Turning off backup services is not necessary the best solution. If the machine has been backed up already, then turning off the service won’t do anything. On the other hand, destroying the shadow copy of the machine will destroy the restore points as well. Thus, if a machine does not have any external backup, this solution is not only going to prevent further backups but also make the restoration impossible.

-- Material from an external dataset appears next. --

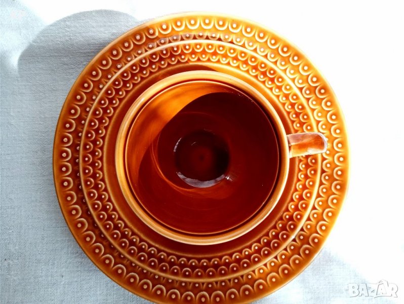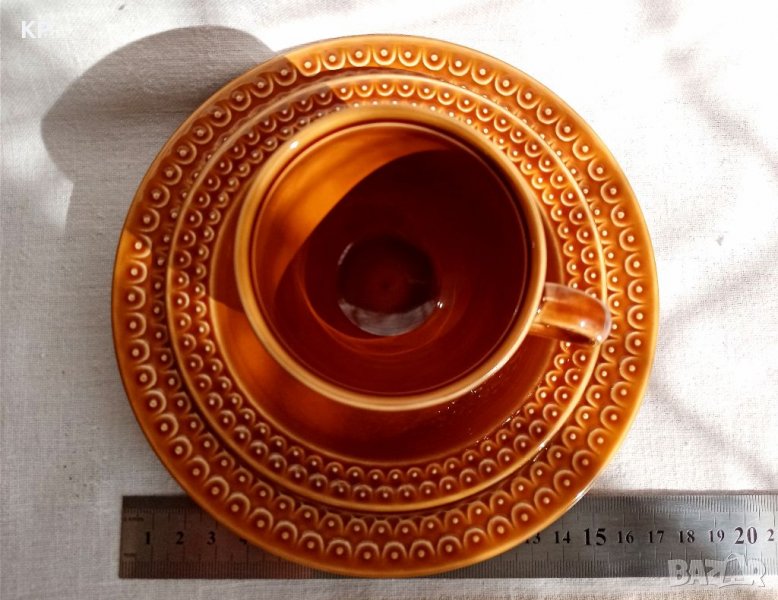 ✔️Включва голяма чиния с диаметър 16.5 см, малка чиния с диаметър 13 см и чаша за кафе с диаметър 7 см, височина 6 см

Most of the time these tools are used to configure shadow copy:

  • Cmd.exe

    • /c vssadmin resize shadowstorage /for=C: /on=C: /maxsize=401MB

    • /c vssadmin resize shadowstorage /for=C: /on=C: /maxsize=unbounded

    • /c vssadmin.exe delete shadows /all /quiet

  • wmic.exe

    • wmic shadowcopy delete
  • VSSADMIN.EXE

    • vssadmin Delete Shadows /all /quiet

    • vssadmin resize shadowstorage /for=c: /on=c: /maxsize=401MB

    • vssadmin resize shadowstorage /for=c: /on=c: /maxsize=unbounded

And there was a sneaky one as well: “C:\c\hmh....\Windows\mfjqm..\system32\autqg..\wbem\exs\ahxl\bcgv......\wmic.exe” shadowcopy delete

In this case, I tried to create a short rule only that covers all of the above scenarios. One could come up with a command that triggers this rule but not malicious, or at least it doesn’t do anything, however, I do not consider this a risk.

Query:

let commandList =dynamic(["cmd.exe","wmic.exe","vssadmin.exe"]); 
let suspiciousCommand = dynamic(["resize", "delete"]); 
Sysmon
| where EventID == 1 
| where file_name in~ (commandList) 
| where process_command_line contains "shadow" and process_command_line has_any (suspiciousCommand) 
| project TimeGenerated, Computer, file_name, process_command_line 

There is barely any reason to just remove the shadow copies, and almost every ransomware does this. Therefore, the FP and FN actions are very rare.

(11) Bcdedit usage

This tool could be used to configure Windows Automatic Recovery during boot. The ransomware creator wants to prevent this so he can use this tool with various command-line arguments.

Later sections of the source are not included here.